A Cell Forcing Net is the Cell Forcing Chain augmented with at least one pigeonhole AND-merge inference.

The setup

Pick any unsolved cell. List its remaining candidates — say there are k of them. For each candidate d, hypothesise "this cell takes value d" and propagate. Exactly one of those k hypotheses must be true, so any conclusion that every branch reaches must also be true.

When all k branches converge on the same elimination or placement, you have either:

What the AND-merge buys you

Plain Cell Forcing Chains fail when one of the branches can't reach the target through chain edges alone. The AND-merge gives that stuck branch one extra inference type: "this digit must be in this unit somewhere, and the chain has forced every position OFF except one, so that last position must be ON". A single such step is often enough to bridge the gap and reopen convergence — that's the whole reason the technique exists.

The pattern

A typical Cell Forcing Net looks like this in the visualiser:

  1. Premise cell — the cell with k candidates, all highlighted.
  2. Per-branch chains — one chain per candidate, each in its own colour, fanning out from the premise.
  3. At least one merge node — a dashed parent-to-derived edge group with an AND-gate glyph at the midpoint, and the host unit (or cell) faintly outlined to mark the pigeonhole locus.
  4. Convergence target — the cell every branch reaches the same way, with the resulting elimination or placement.

If the candidate of a branch is placed, that branch's chain colour ends at the convergence target.
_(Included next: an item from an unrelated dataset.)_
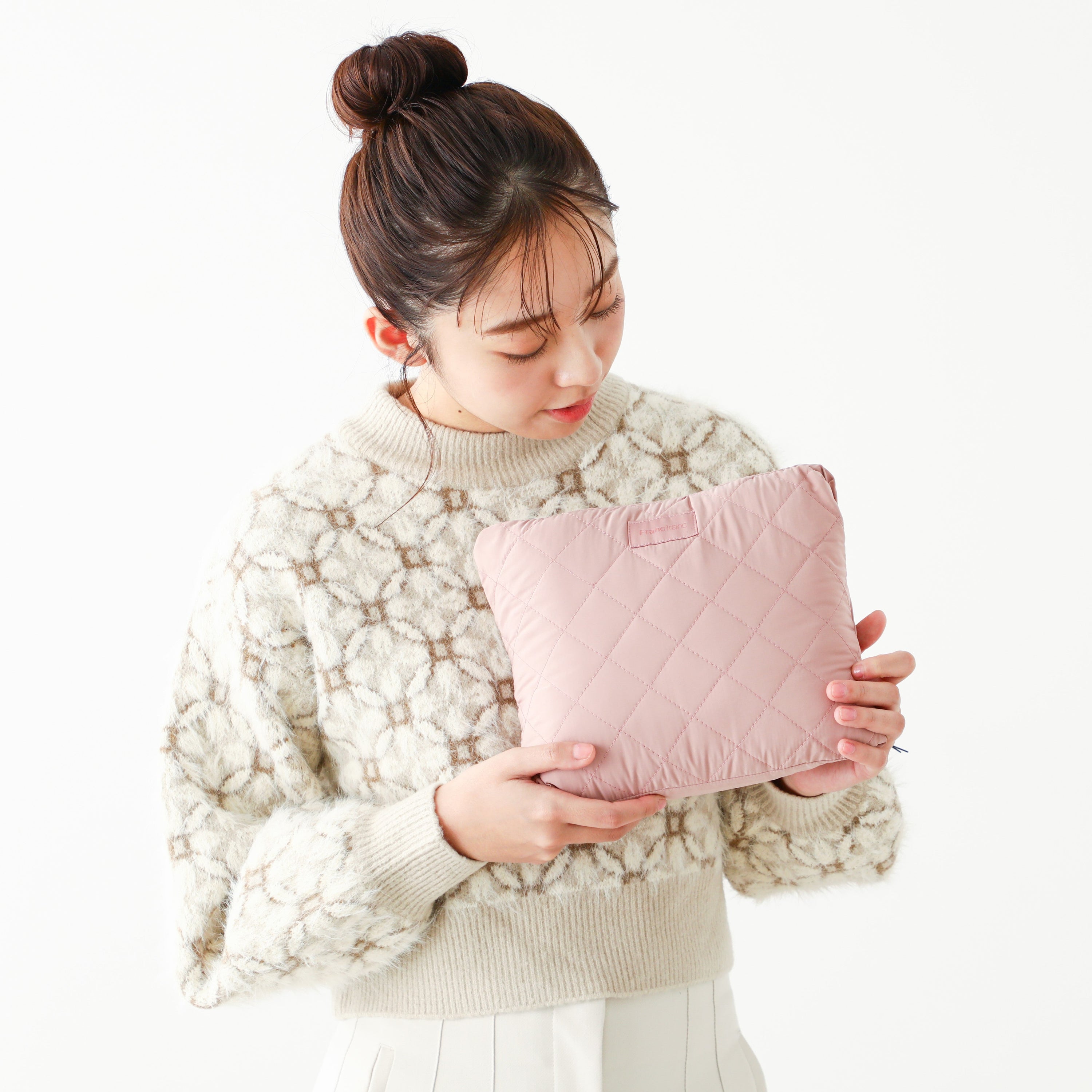 持ち運びに便利なリバーシブル素材のひざ掛けです。本体に縫製されたポケットにひざ掛けを畳んで収納する事が出来ます。なめらかで触り心地の良いマイクロファイバー素材の面と撥水加工されたポリエステル素材の面のリバーシブル仕様で、屋外でも扱いやすいアイテム。ひざ掛けだけでなく、羽織ったり敷いたりと幅広い使い方ができます。スウィートなテイストがお好きな方におすすめのアイテムです。キルティングシリーズでは他にもリモートワークやトラベルに便利で可愛いアイテムをご用意しております。あわせてコーディネートをお楽しみください。

If the candidate is eliminated by the conclusion, the elimination is drawn at the target.

How it's different from a Cell Forcing Chain

Aspect Cell Forcing Chain Cell Forcing Net
Branches One per cell candidate One per cell candidate
Allowed edge types bi-location, bi-value bi-location, bi-value, AND-merge
Proof shape per branch Chain (one parent per derived vertex) DAG (some vertices have multiple parents)
When it fires Every branch's chain reaches the target At least one branch requires a merge to reach the target

If you delete every AND-merge step and the proof still goes through, it was a Cell Forcing Chain all along — the engine grades it as a chain, not a net.

Why expert-tier

Cell Forcing Nets are harder than the corresponding chain for two reasons. First, the search space is larger: each branch can take pigeonhole shortcuts, so the analyser must enumerate merge sites in addition to chain edges. Second, the proof is conceptually heavier — combining "all of these are OFF, so this one is ON" with a chain of one-step implications is more cognitively demanding than following a single linear thread.